You need a type of steel that flexes, but that is hard enough to resist flexing. If it's very hard, it'll resist a ton of force; but when you apply it, it'll shatter. If it's soft, you can bend it up until it breaks. If it's hard, but flexible, it'll bend and stretch under excessive force at its weakest points, requiring much more energy to defeat. It might take 0.95 tons instead of 1 ton, but it'll take 0.95 tons applied consistently, enough to force a permanent deformation, and over a longer reach. Further, the metal will be harder to force into fatigue, meaning you might completely mangle the lock without actually breaking it--if the clasp holds.

And, still, it has to resist cutting, sawing, refrigerants, impact, and compression attacks (bolt cutters).

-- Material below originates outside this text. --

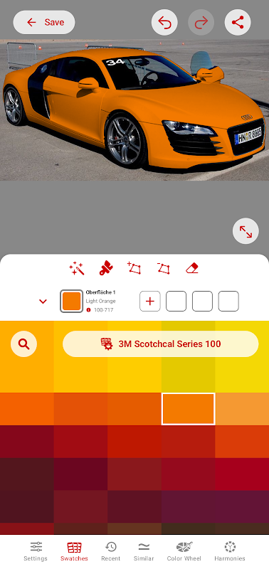 « CAL เลือก»ทันทีที่พบเหมือนกันหรือโทนสีที่คล้ายกันอยู่ในช่วงสี specifiers สีเพิ่มเติมเช่น NCS และ RAL อาจถูกดาวน์โหลดลงใน App

I'm not saying you can't take out boron carbide steel with a rotary tool and cutting disc; but you're going to need a stack of cutting discs and about 10-20 minutes depending on steel quality and thickness. Bolt cutters? Literally, you're talking about an explosion here, you're going to need 30,000 pounds of force.

This won't happen with steel useful for U-locks. They might resist bolt cutters, but not quite as well. They'll resist sawing, not quite as well as harder steel, but well enough. Cutting disc? Short work, the metal's going to peel off. Bottle jack? Hammers? Oh yeah, the steel actually flexes instead of shattering, so even if you overcome its strength, you've ... managed to dent it. Slightly. Good job. High-hardness carbide steel will likely just break the hammer, but shatter under bottle jack pressure.

It turns out you need different tools to crack different locks.